# Windows 8 & Adobe CS4



## chartwise

Has anyone who has Windows 8 beta tried using Adobe *CS4* suite on the OS especially Dreamweaver, Fireworks, Photoshop & Flash?

If so has anyone found any issues on 32 bit?

help much appreciated


----------



## davehc

I have them all running on Windows 8 consumer 64Bit


----------



## eddie5659

Just edited the title to say Windows 8


----------



## chartwise

Thanks for editing the title it was a typo and I couldn't edit this myself


----------



## eddie5659

No problem, hope you get an answer soon


----------



## chartwise

davehc said:


> I have them all running on Windows 8 consumer 64Bit


But how about on 32 Bit -- any ideas anyone please?


----------



## anand1

I m using Adobe Photoshop CS5.1 on my Windows 8 32 Bit and its working fine for me.............


----------



## DrP

Not sure if you're having a similar issue to me or not, as I'm using 64-bit Windows 8 but...

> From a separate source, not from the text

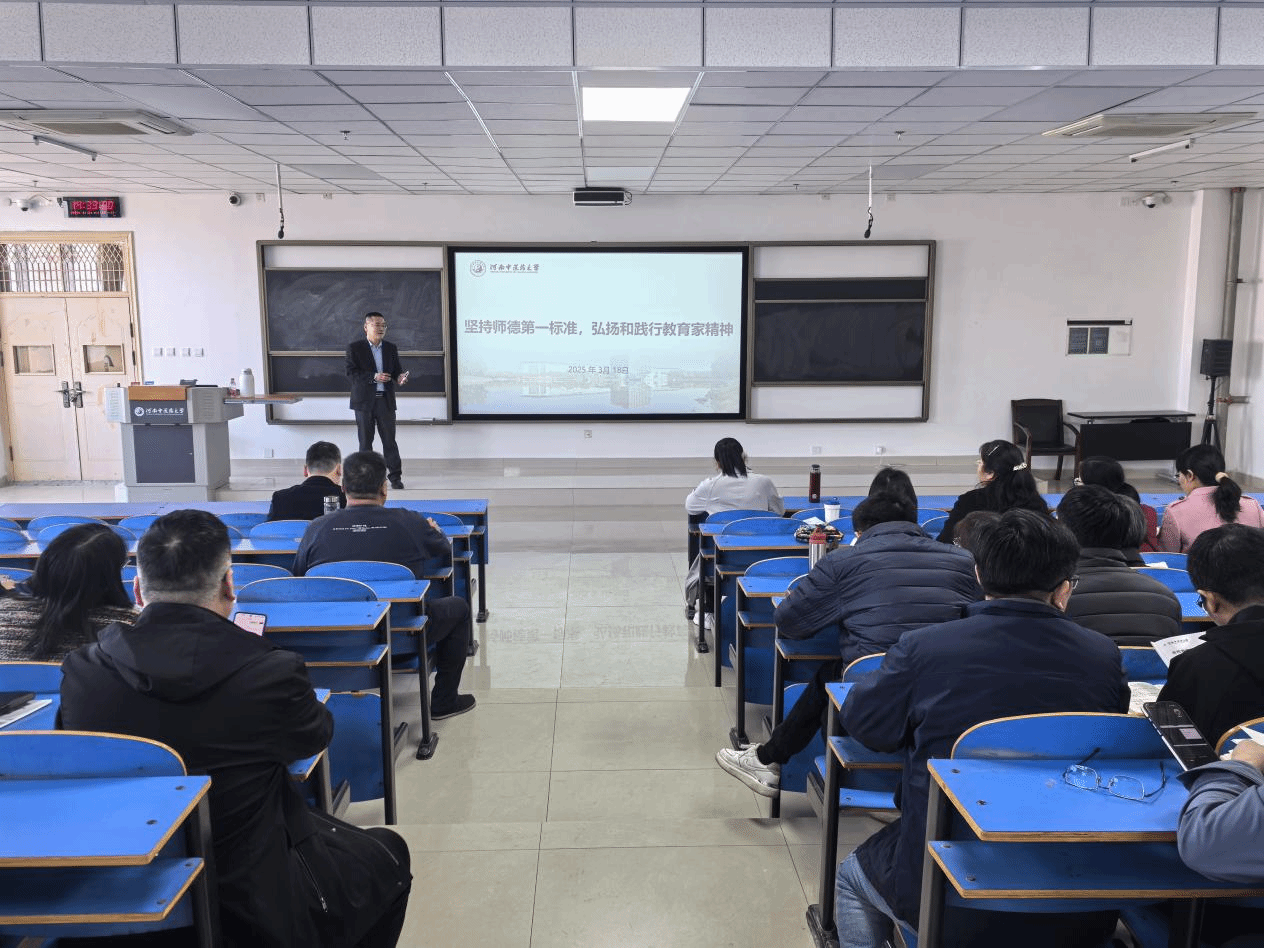 本网讯(文/古豫蕾 图/刘颖)为深入贯彻新时代教师队伍建设要求,弘扬高尚师德,传承优良师风,提升教师职业素养和道德情操,大发博彩官网 于3月18日下午在实验教学楼四楼阶梯教室开展师德师风专题讲座。本次讲座特邀请河南中医药大学党委教师工作部、人事人才工作部副部长李凯主讲,学院党委副书记朱庆军主持,全体教职工参会学习。

The first few times I installed CS4, none of the programs would run and each would have its own different error message. Looking around the program files, I found an issue with permissions which I think was causing the issues.

I gave up and carried on using the partition with Windows 7, just checking back on the Windows 8 partition once a week and downloading the updates. About two weeks ago, I tried installing CS4 again and it has worked ever since.

The problem now is activation as they count as two separate installations!


----------



## chartwise

I have Adobe Creative Suite *CS4* 32 bit

Does anyone one if it will be compatible to use on Windows 8 64 bit?

Reason I ask is that CS4 does everything I want so don't want to upgrade as this software is so very expensive to buy here in the UK.

You also have to buy the whole suite and I only use 4 modules of the suite anyway - Dreamweaver, Photoshop, Fireworks & Flash.

All help much apreciated


----------



## TerryNet

I've merged your threads. Please do not start multiple threads on the same topic.


----------